Ce que Colonie dit vraiment : ruche humaine, ruche numérique

Le titre coréen Gunch est une clé de lecture. Une “colonie” au sens biologique : un organisme composé d’individus distincts qui fonctionnent comme une entité unique. Dans le film, les zombies développent cette logique jusqu’à son terme — plus ils sont nombreux, plus ils deviennent intelligents, plus ils deviennent imprévisibles et dangereux.

« Les infectés ne se contentent plus de courir en hurlant. Ils observent, ils tentent des pièges, ils feignent parfois la mort pour écouter des conversations. »

Mais Yeon Sang-ho ne s’arrête pas là. Il retourne le miroir vers les survivants humains, qui, eux aussi, cherchent constamment la connexion : téléphones, réseaux, informations, messages. Le film pose une question inconfortable et très contemporaine : si les zombies deviennent intelligents parce qu’ils se connectent entre eux et partagent leurs expériences, en quoi les humains sont-ils fondamentalement différents ? Cette résonance avec l’intelligence artificielle et les réseaux sociaux n’est pas un sous-texte discret — c’est le cœur thématique du projet.

Cela n’empêche pas Colonie d’être un film d’action remarquablement efficace. Le rythme est soutenu, la photographie en Cinémascope est superbe, l’ambiance sonore contribue à l’immersion. On pense, par contraste, à la récente réflexion autour de l’intelligence artificielle au cinéma : Colonie répond à ce débat par l’affirmative du corps réel, du performer en chair et en os. Une démarche similaire animait Backrooms de A24, où les corps en mouvement portaient tout le poids symbolique du film.

Questions fréquentes sur Colonie et son casting zombie coréen

Qu’est-ce que Colonie, le film zombie coréen de 2026 ?

Colonie (Gunch en coréen) est un film zombie réalisé par Yeon Sang-ho, le cinéaste de Dernier Train pour Busan. Il met en scène une horde d’infectés dotée d’une intelligence collective, dans un immeuble immense, avec Jun Ji-hyun et Ji Chang-wook dans les rôles principaux. Le film est sorti en France en salle au printemps 2026.

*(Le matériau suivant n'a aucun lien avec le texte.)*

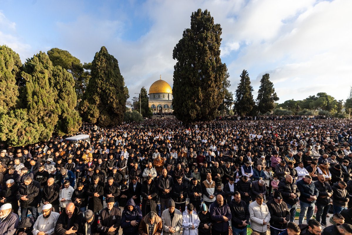 Despite severe Israeli occupation restrictions, 120,000 Palestinians performed Eid Al-Fitr prayers at Al-Aqsa Mosque on Sunday, March 30. Throughout the holy month of Ramadan, Israeli occupation forces imposed harsh measures that significantly reduced the number of worshippers allowed into the mosque.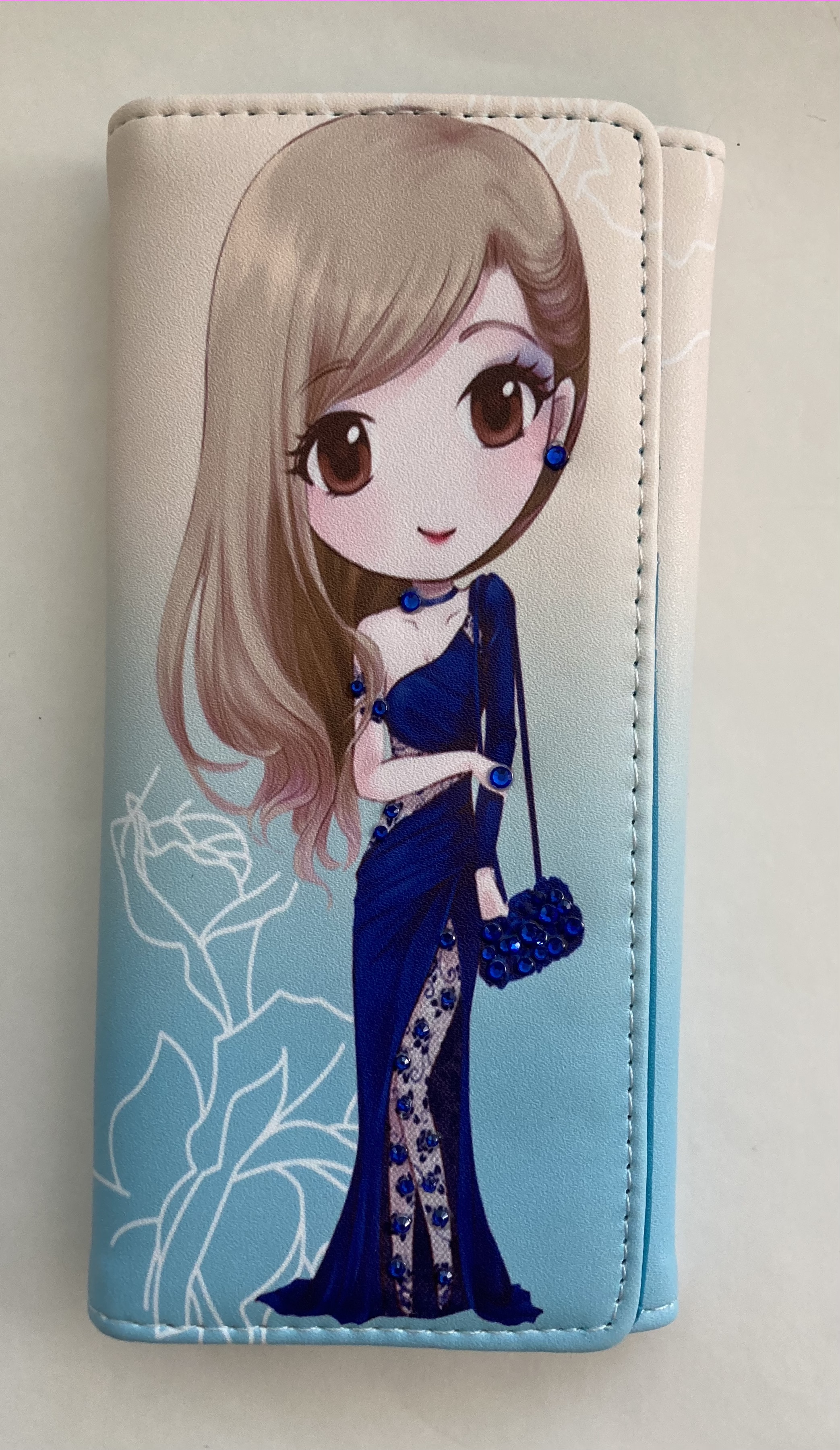Peněženka s obrázkem mladé dívky dekorovaná kamínky a různobarevnými konturami. Obsahuje kapsičky na hotovost i přihrádky na osobní doklady, karty, zákaznické kartičky, vizitky a fotografie.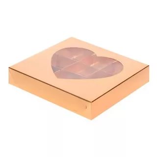 Коробка для конфет золото с окном сердце 16 см*16 см*3 см (9)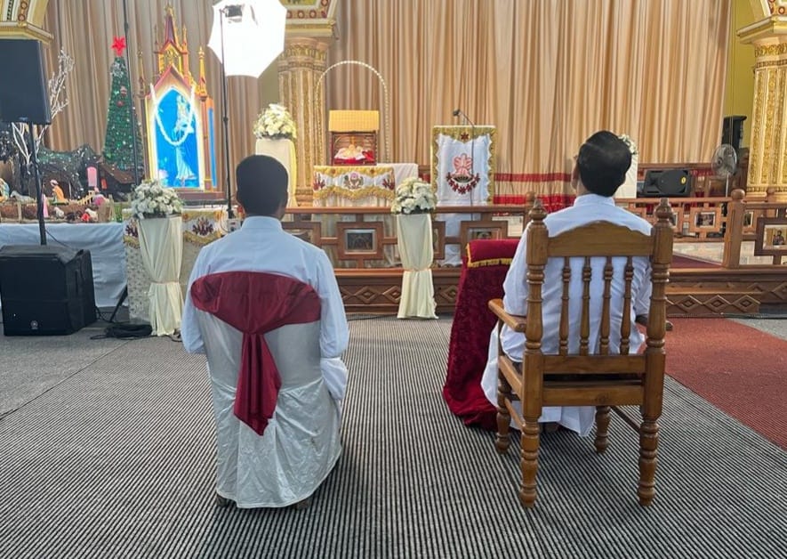 മിശിഹായുടെ മഹനീയ സിംഹാസനത്തിനു മുമ്പിൽ ഇരുന്ന് പൗരോഹിത്യ കൃപാവരങ്ങൾക്കായി തീക്ഷ്ണമായി പ്രാർത്ഥിക്കുകയാണ്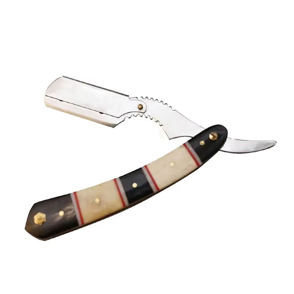 มีดโกนพร้อมใบมีดคมธรรมชาติควายฮอร์นด้ามจับกระดูกสำหรับโกนหนวดและตัดผม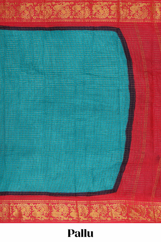 Turquoise green checked sungudi cotton saree with contrast border and striped pallu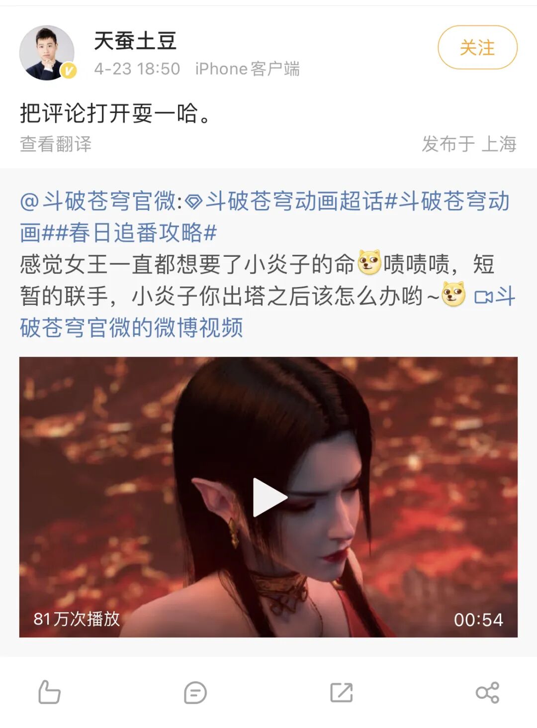 就连《斗破苍穹》作者天蚕土豆也看热闹不怕事大,在微博上调侃动画官方“把评论打开耍一哈”。

Qui joue dans Colonie de Yeon Sang-ho ?

Le casting de Colonie réunit Jun Ji-hyun, icône du cinéma et des dramas coréens connue pour My Sassy Girl, et Ji Chang-wook, acteur apprécié pour ses rôles d’action intenses, vu récemment dans Côté du Mal sur Disney+.

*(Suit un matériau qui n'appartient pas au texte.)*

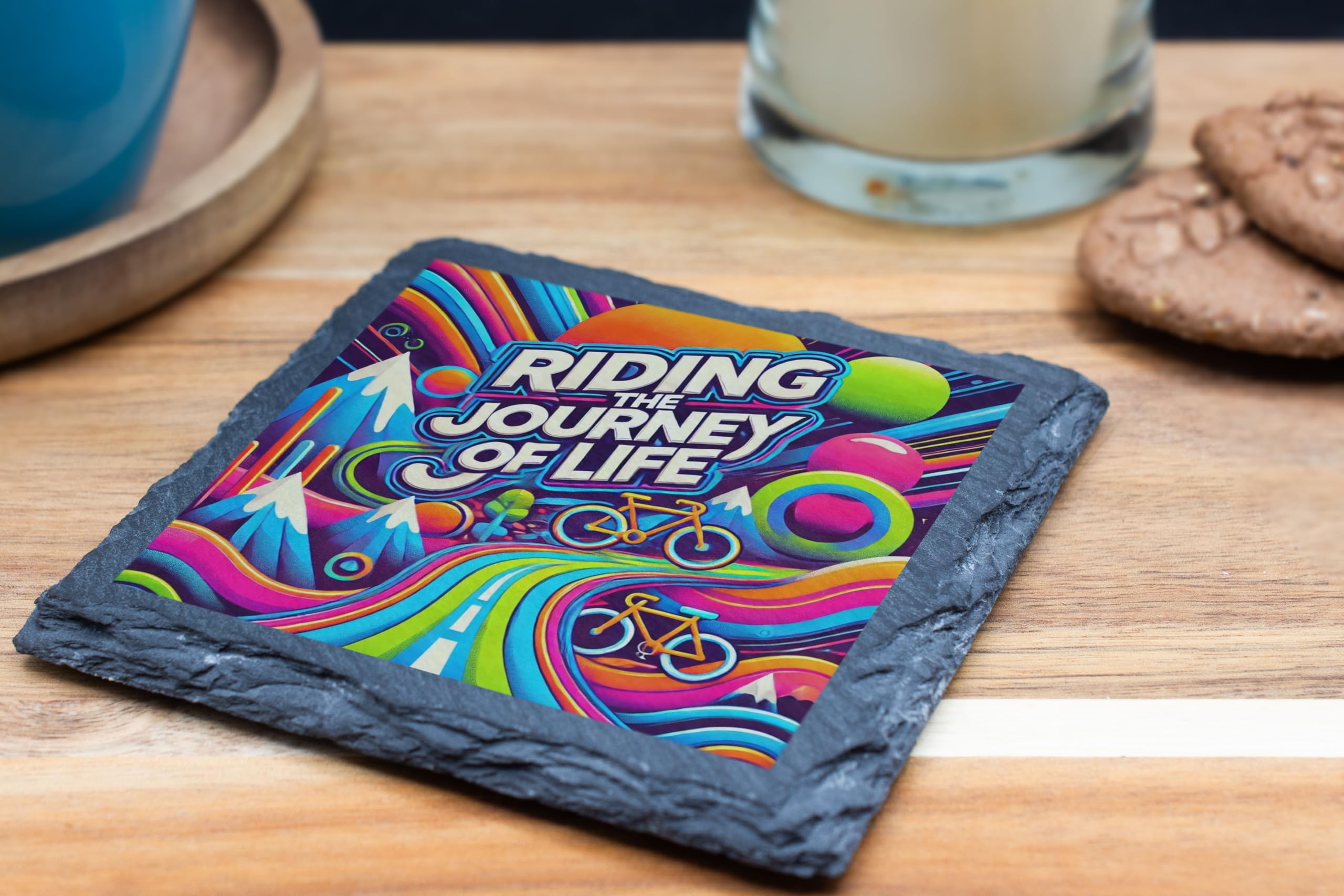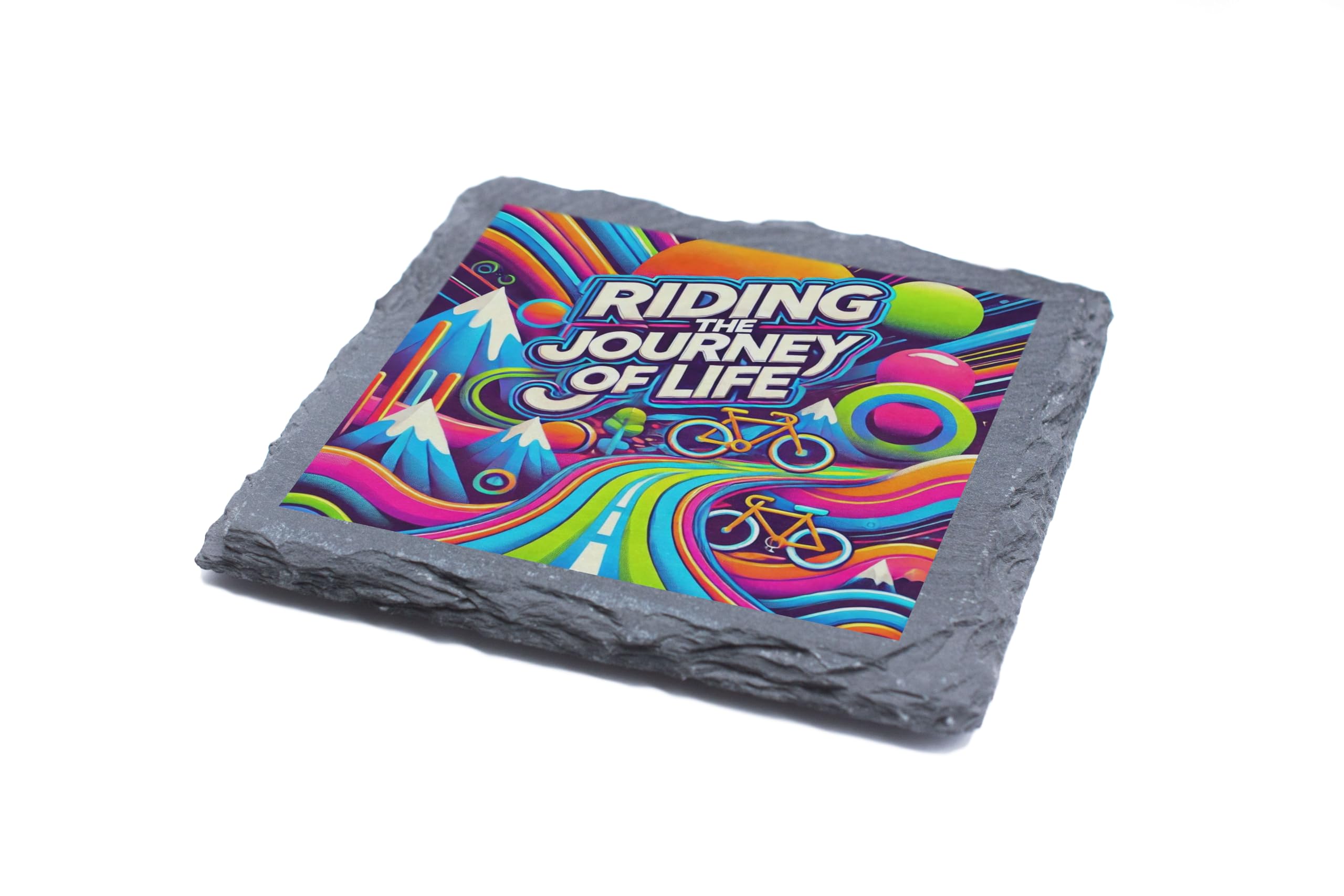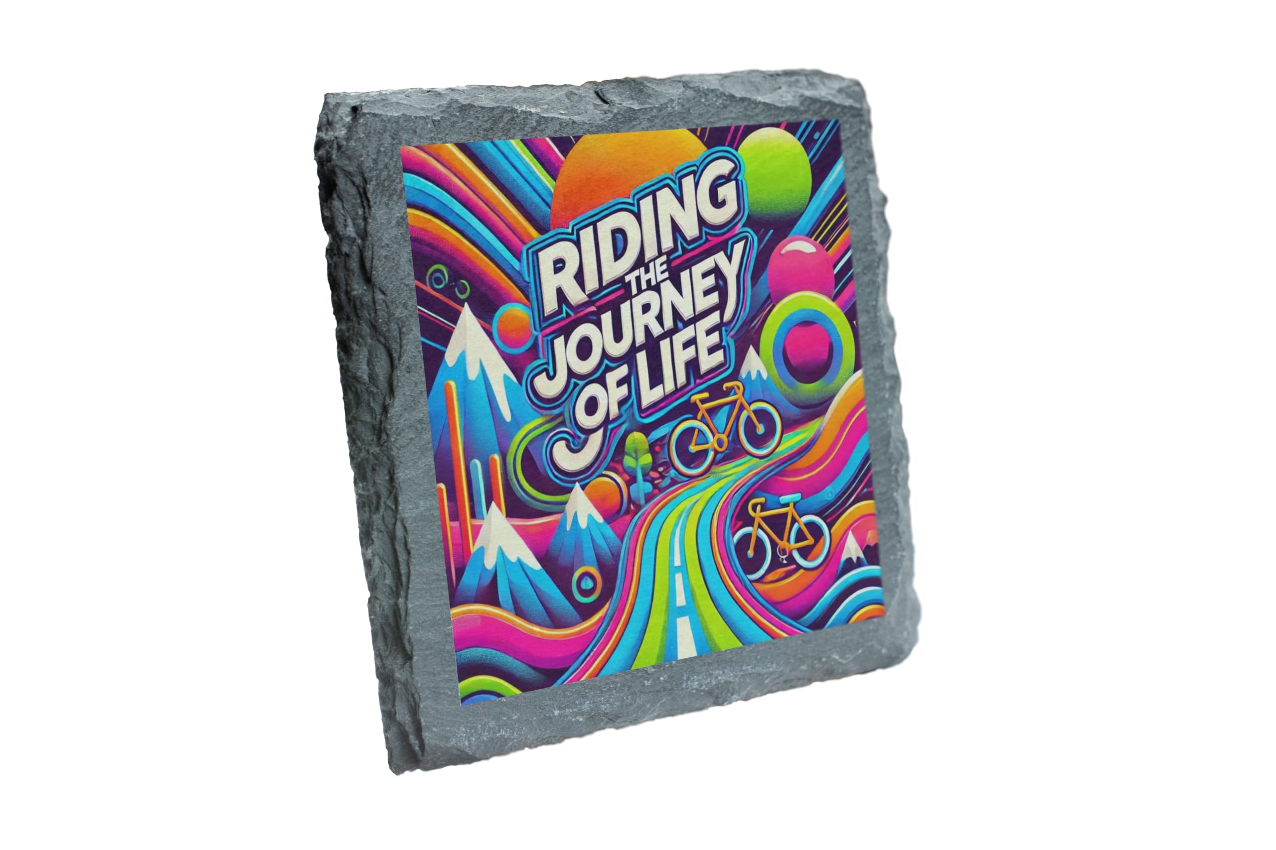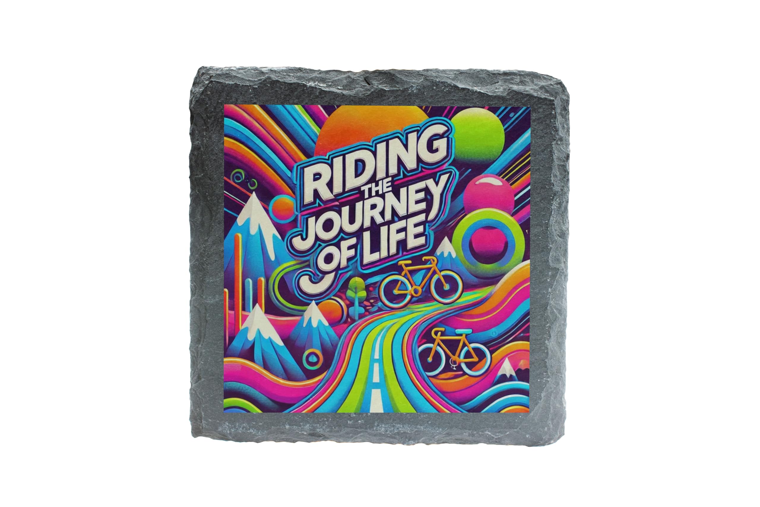 - Dynamic Bicycle Design: Showcase your love for cycling with this bold and colorful "Riding the Journey of Life" slate coaster, perfect for bikers and adventurers.

Pourquoi les figurants et performers de Colonie sont-ils aussi remarquables ?

Les cascadeurs, danseurs et performers qui incarnent la horde zombie de Colonie réalisent un travail de coordination physique exceptionnel : contorsions, flips hip-hop, déplacements à quatre pattes synchronisés, poses collectives en plan large. La précision de leurs mouvements collectifs évoque une performance artistique grandeur nature.

Comment Colonie se compare-t-il à Dernier Train pour Busan ?

Colonie et Dernier Train pour Busan partagent le même réalisateur, Yeon Sang-ho, mais leur approche du genre diffère. Dernier Train misait sur l’émotion pure et la course effrénée. Colonie prend le parti d’une intelligence collective chez les infectés, d’un Cinémascope ample et d’une mise en scène plus conceptuelle. Les deux films se tiennent à très haut niveau.

Peut-on faire de la figuration dans un film zombie coréen ?

La figuration dans les productions internationales, y compris coréennes tournant en Europe, requiert généralement une inscription auprès d’agences spécialisées et, selon la nature des scènes, une aptitude physique précise. Pour en savoir plus sur la figuration au cinéma en France, consultez Figurants.com.

Colonie n’est pas le film zombie parfait. Mais c’est le plus singulier de ces dernières années — celui qui rappelle que le genre, pour survivre, a besoin d’audace, de corps et de sens. Yeon Sang-ho l’a compris. Ses performers aussi.